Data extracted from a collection
· · · ·

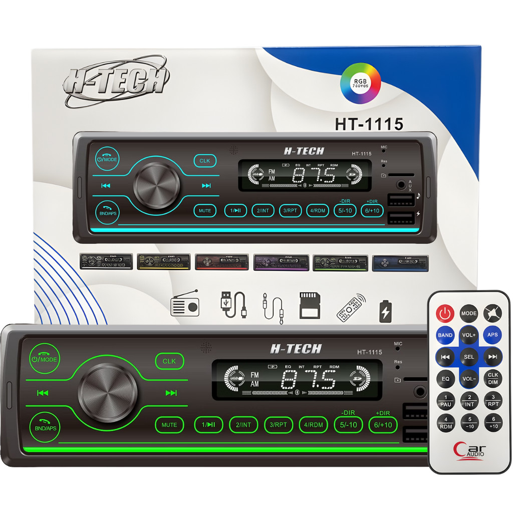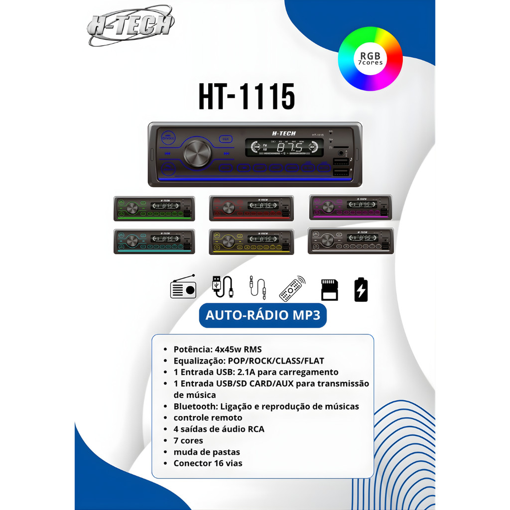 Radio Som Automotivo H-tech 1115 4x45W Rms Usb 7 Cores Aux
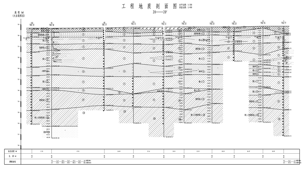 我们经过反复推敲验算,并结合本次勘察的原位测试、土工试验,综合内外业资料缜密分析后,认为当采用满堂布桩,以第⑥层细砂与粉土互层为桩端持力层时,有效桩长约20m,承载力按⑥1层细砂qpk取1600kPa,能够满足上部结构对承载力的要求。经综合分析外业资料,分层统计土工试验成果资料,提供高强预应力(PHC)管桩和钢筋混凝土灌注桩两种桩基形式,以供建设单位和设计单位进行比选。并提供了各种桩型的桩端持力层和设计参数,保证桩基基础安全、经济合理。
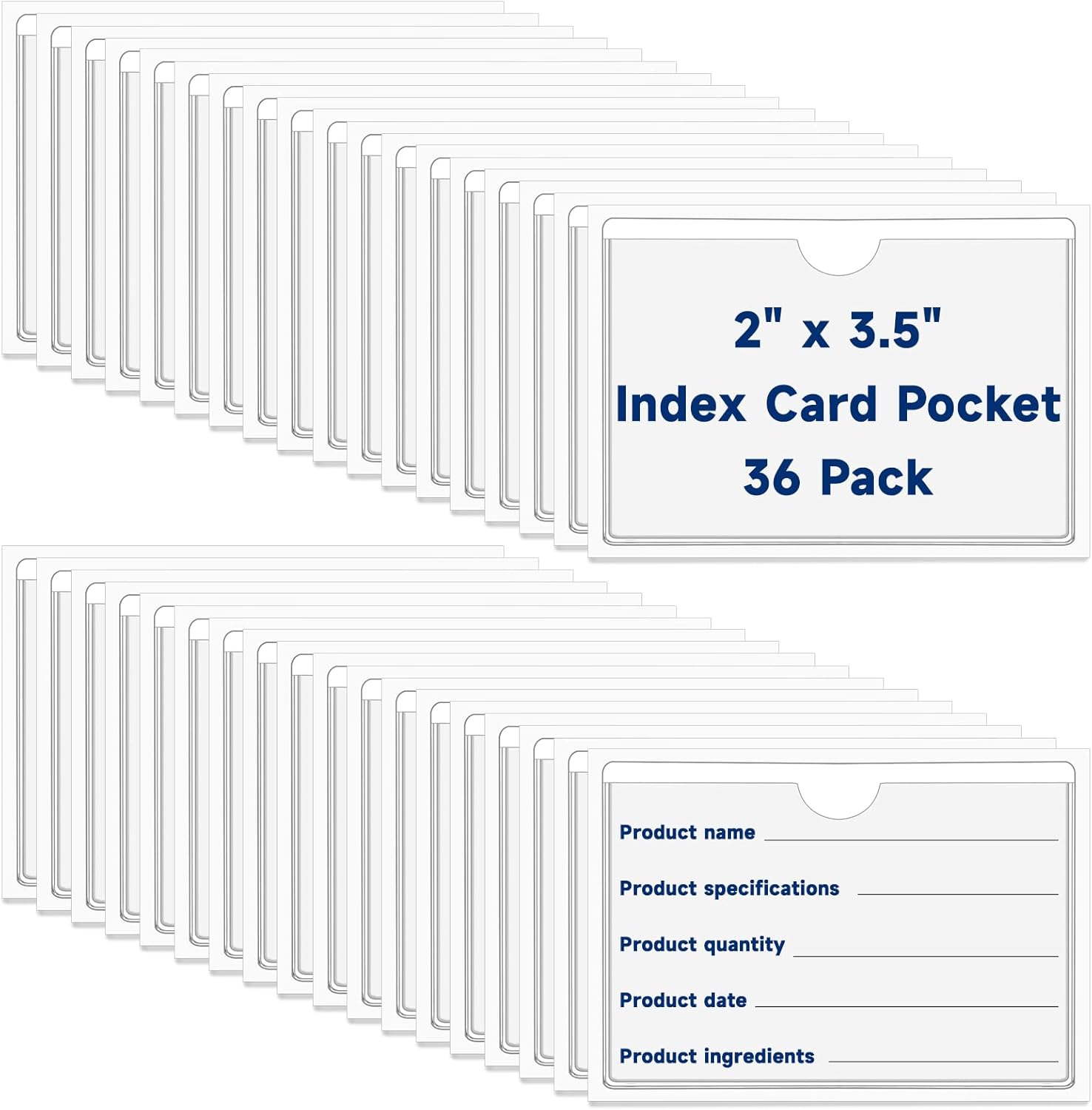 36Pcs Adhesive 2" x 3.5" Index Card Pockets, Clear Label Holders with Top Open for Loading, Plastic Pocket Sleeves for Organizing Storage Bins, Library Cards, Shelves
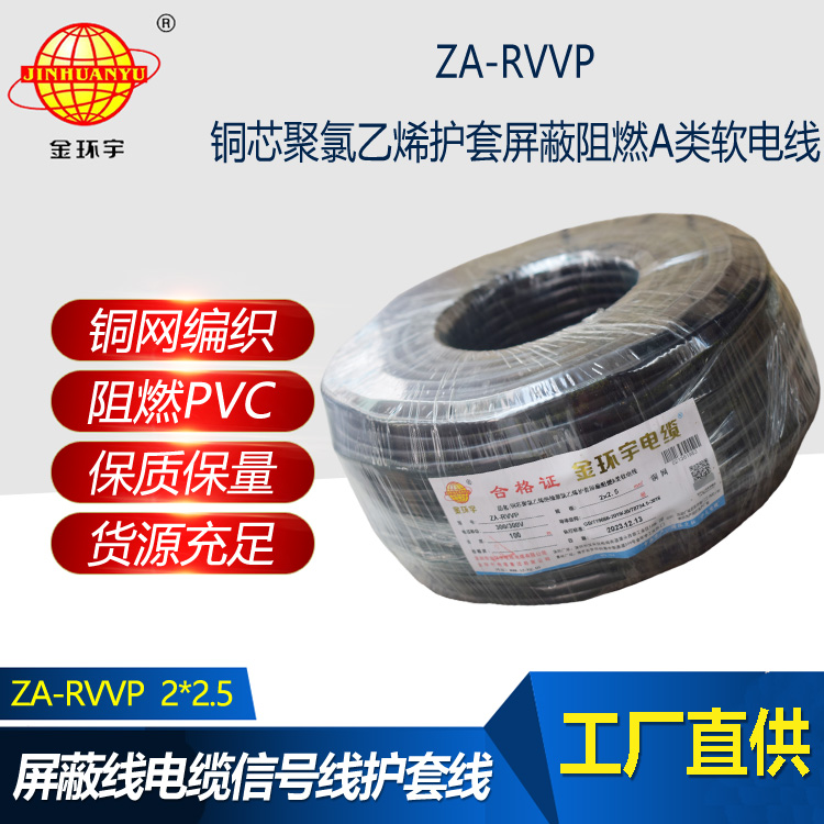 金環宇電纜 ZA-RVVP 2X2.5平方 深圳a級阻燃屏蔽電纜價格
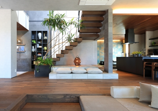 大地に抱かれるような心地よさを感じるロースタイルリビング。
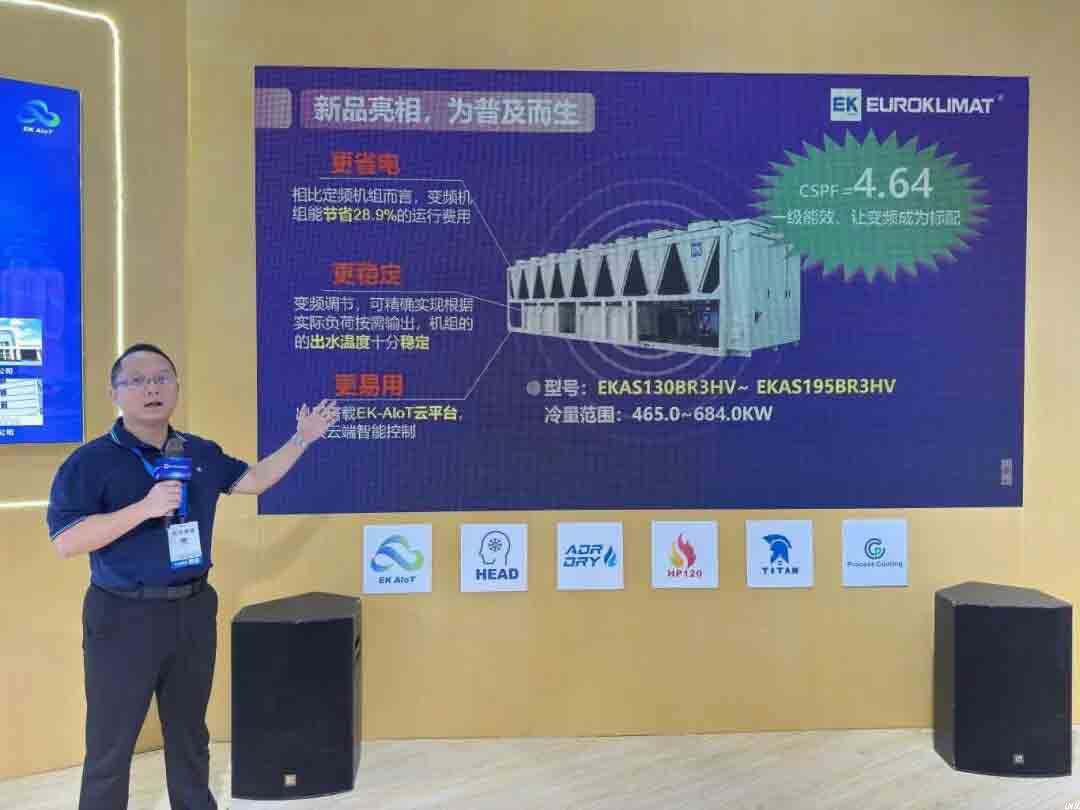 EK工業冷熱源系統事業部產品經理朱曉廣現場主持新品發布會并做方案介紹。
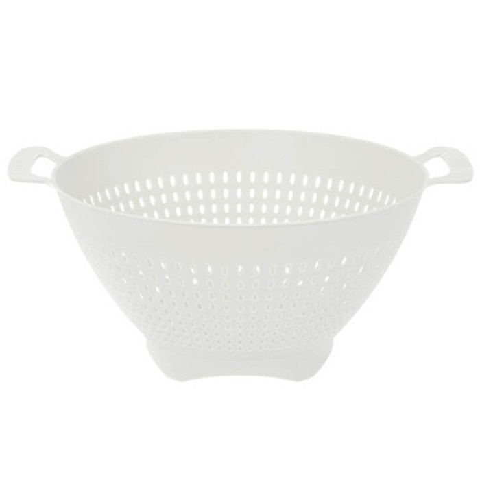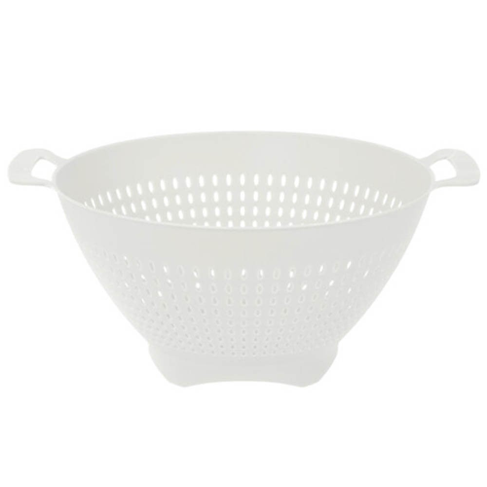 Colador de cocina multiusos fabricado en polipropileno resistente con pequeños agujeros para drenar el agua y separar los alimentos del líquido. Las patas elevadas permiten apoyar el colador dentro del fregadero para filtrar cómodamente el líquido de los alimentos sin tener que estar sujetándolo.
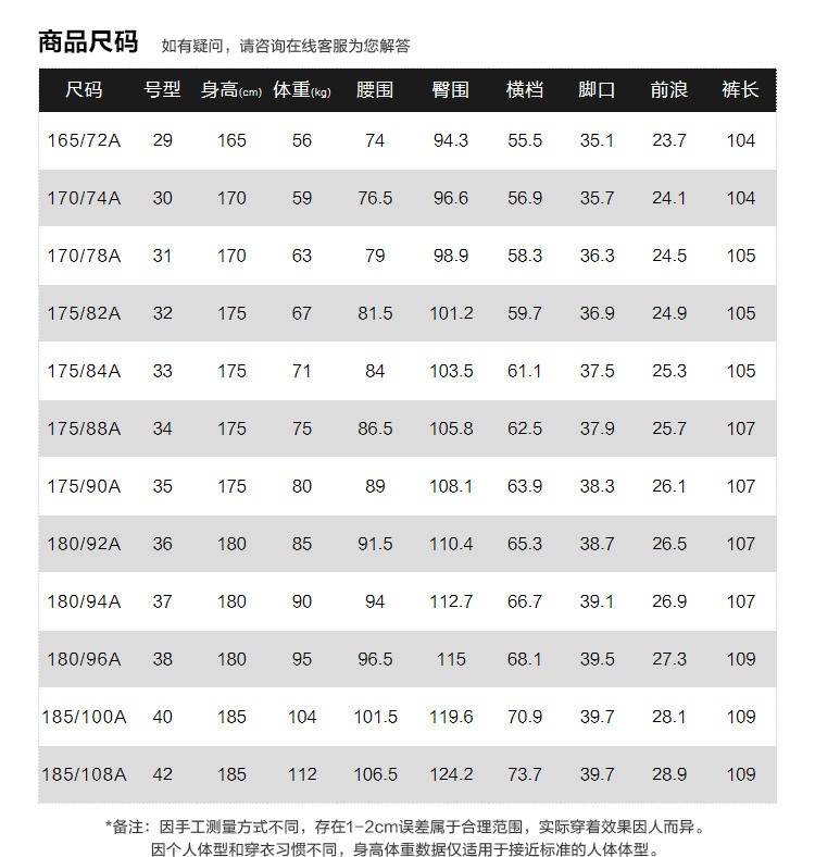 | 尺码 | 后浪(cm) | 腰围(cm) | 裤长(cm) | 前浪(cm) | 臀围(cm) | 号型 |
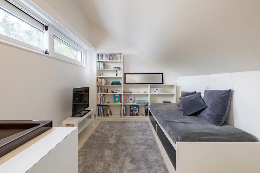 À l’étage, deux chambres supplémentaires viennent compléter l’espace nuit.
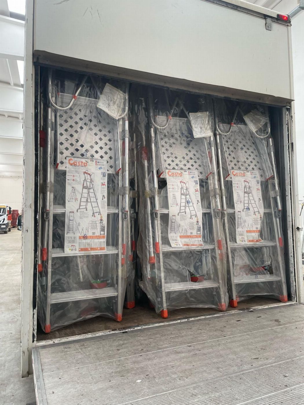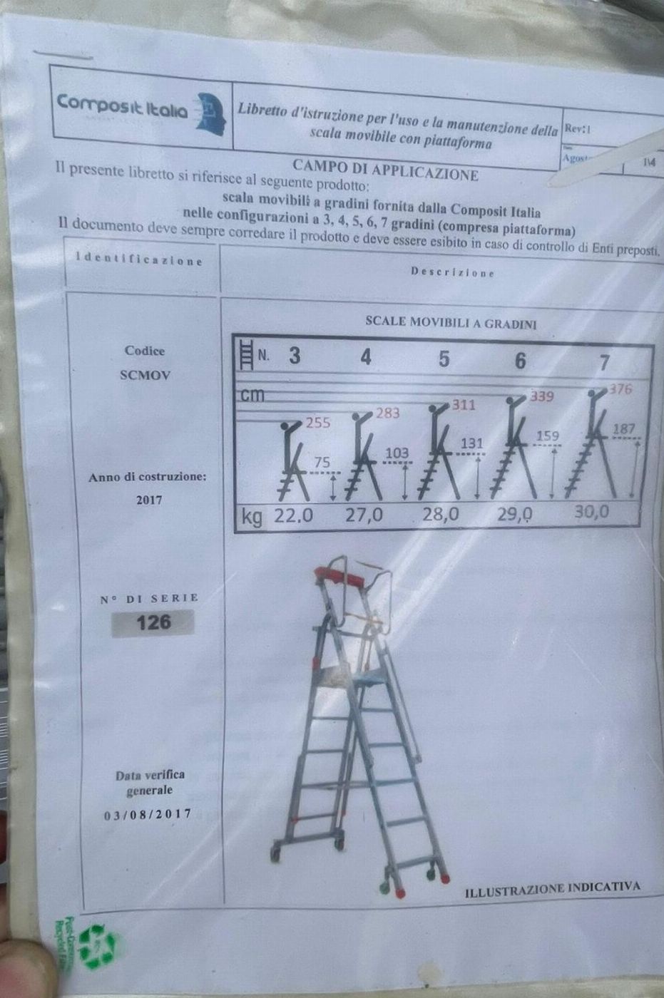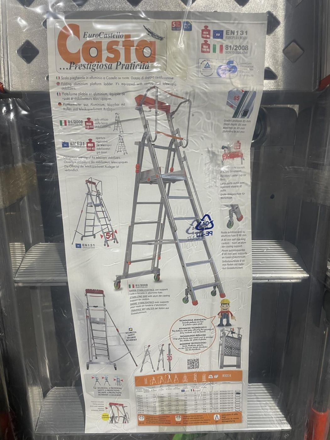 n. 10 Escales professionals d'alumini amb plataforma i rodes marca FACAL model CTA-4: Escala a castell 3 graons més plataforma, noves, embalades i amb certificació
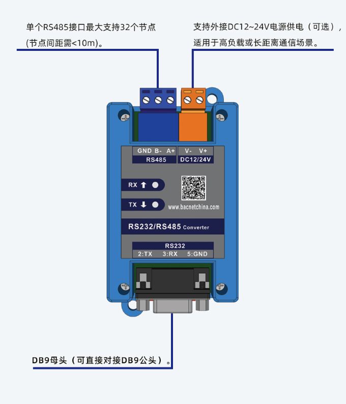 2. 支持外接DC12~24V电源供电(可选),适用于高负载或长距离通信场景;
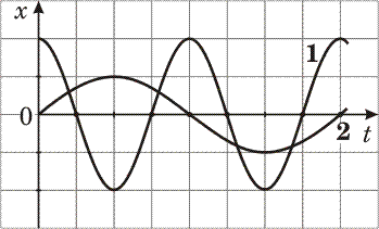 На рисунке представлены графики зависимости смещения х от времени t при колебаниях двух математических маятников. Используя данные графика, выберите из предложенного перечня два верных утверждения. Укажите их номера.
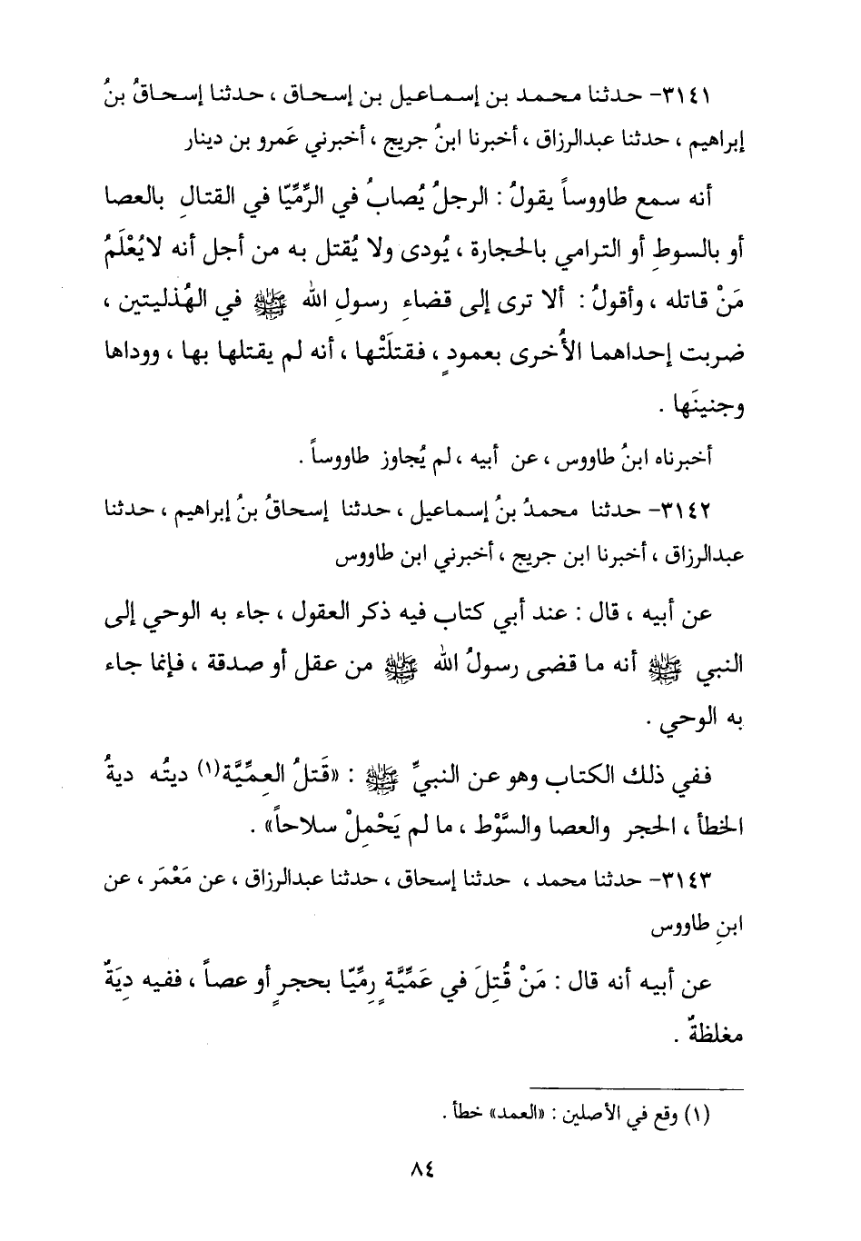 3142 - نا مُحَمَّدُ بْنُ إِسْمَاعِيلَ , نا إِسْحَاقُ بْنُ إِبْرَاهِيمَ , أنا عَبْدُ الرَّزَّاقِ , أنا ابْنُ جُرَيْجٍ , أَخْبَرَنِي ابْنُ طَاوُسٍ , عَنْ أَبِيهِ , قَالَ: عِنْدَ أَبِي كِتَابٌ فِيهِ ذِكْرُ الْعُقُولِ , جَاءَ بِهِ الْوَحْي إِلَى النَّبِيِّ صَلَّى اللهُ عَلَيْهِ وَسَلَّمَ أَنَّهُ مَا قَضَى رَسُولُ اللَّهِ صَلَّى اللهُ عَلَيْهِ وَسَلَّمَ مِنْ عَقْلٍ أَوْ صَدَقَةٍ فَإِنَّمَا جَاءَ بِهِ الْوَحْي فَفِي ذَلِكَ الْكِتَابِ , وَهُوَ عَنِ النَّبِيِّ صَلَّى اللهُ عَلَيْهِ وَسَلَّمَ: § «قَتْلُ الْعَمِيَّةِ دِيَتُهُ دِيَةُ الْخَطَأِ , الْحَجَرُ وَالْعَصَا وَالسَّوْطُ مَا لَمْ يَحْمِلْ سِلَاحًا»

· · · ·

Your assignment » A verbatim reproduction is expected: starting at the line above that has "臀围(cm) | 号型 |", ending at the line that has "n. 10 Escales", both included, and with no pictures and no other lines.

Your solution »
 | 尺码 | 后浪(cm) | 腰围(cm) | 裤长(cm) | 前浪(cm) | 臀围(cm) | 号型 |
 À l’étage, deux chambres supplémentaires viennent compléter l’espace nuit.
 n. 10 Escales professionals d'alumini amb plataforma i rodes marca FACAL model CTA-4: Escala a castell 3 graons més plataforma, noves, embalades i amb certificació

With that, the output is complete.